The University of New Mexico Art Museum (sometimes referred to as the University Art Museum or UNM Art Museum) is an art museum at the University of New Mexico in Albuquerque. The museum's permanent collection includes nearly 30,000 objects, making it the largest collection of fine art in New Mexico.
In the early years following the opening of the museum in 1963, significant exhibitions were held of the work of Georgia O'Keeffe, Bror Julius Olsson Nordfeldt, Cady Wells, Andrew Dasburg, John Marin, and other Modernists.
Van Deren Coke was the founding director of the Art Museum. Robert O. Parks was another early Art Museum director.
Georgia O'Keeffe had included the University of New Mexico and another New Mexico museum in her will of 1979, but in a codicil signed in 1984 soon before her death deleted it.
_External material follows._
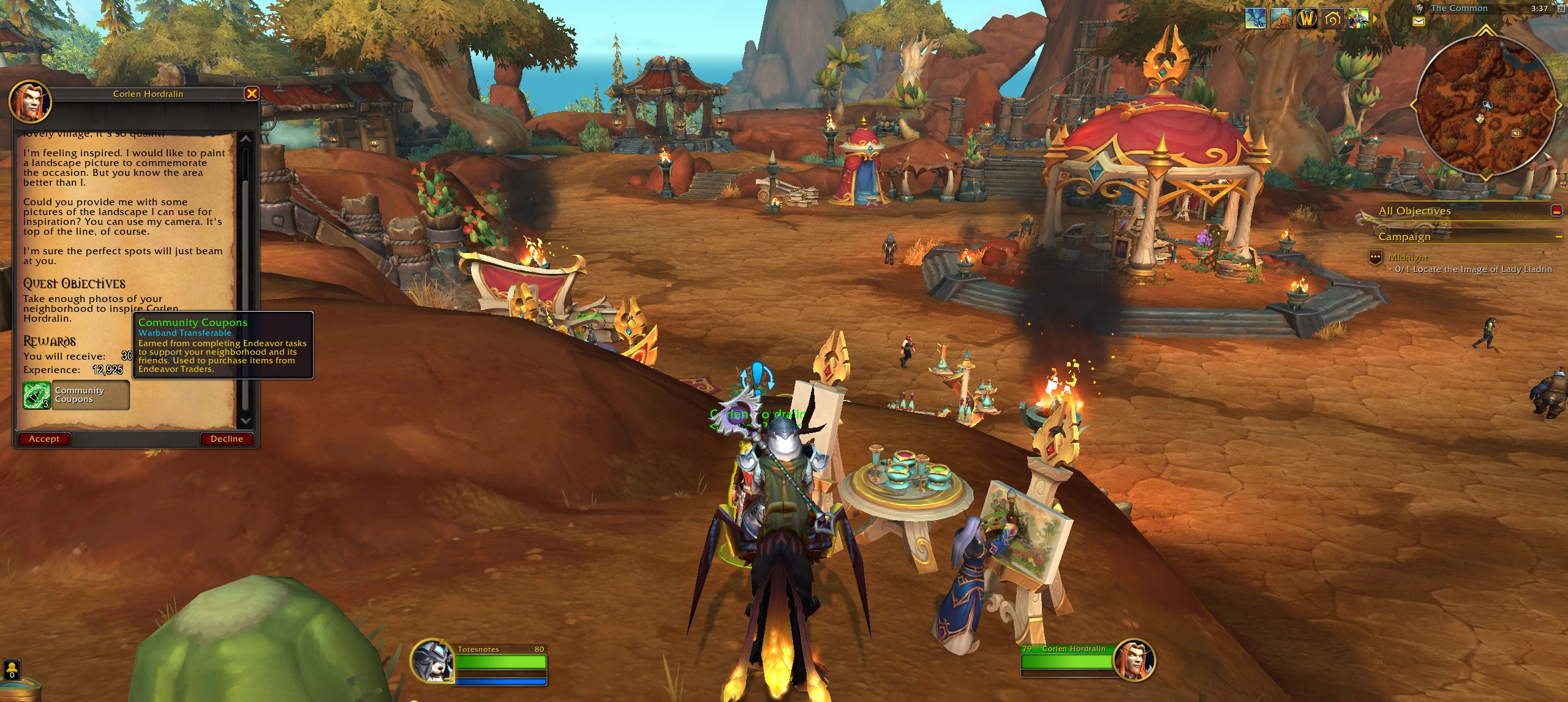 Much like the Trading Post interface, the Endeavors Tab offers players a selection of Endeavor Tasks; completing these quests will fill your personal Endeavor Progress Bar, thereby earning Neighborhood Favor. Task completion also rewards things like gold, character experience, Housing Experience, crests, and Community Coupons. Community Coupons are Warbound, making Endeavors a useful way to play around with alts while also earning the exclusive currency. Certain NPCs may also offer Endeavor-exclusive quests for the duration of the event.
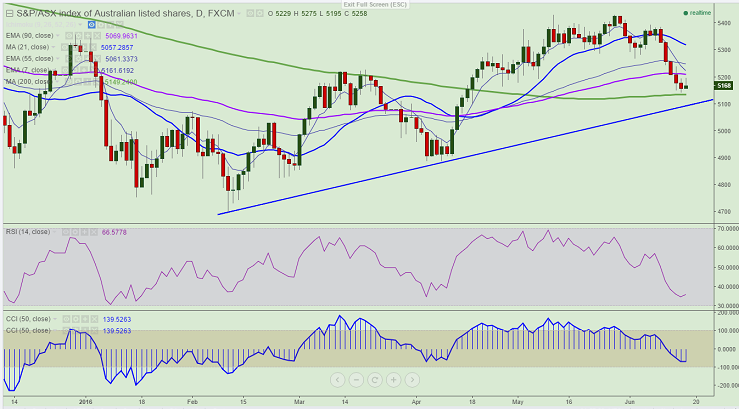 - ASX200 has recovered till 5198 at the time of writing from the low of 5143 made yesterday .The index has not able break above 5200 and has started to decline from the high made today. It is currently trading at 5170.

An agreement between the State of New Mexico and Juan Hamilton, O'Keeffe's companion and executor of the will, was made in 1986, when the state agreed to drop any challenge to the will in exchange for several O'Keeffe paintings.
The Art Museum's permanent collection includes the following collections:
Photographs and prints. This collection includes over 10,000 photographs (ranging from daguerreotypes to digital photographs) and over 17,000 prints (with a focus on lithographs). The earliest prints date to the Nuremberg Chronicle, which appeared in 1493. Many of the museum's photographs, prints, and early cased objects are housed in the museum's Beaumont Newhall Study Room.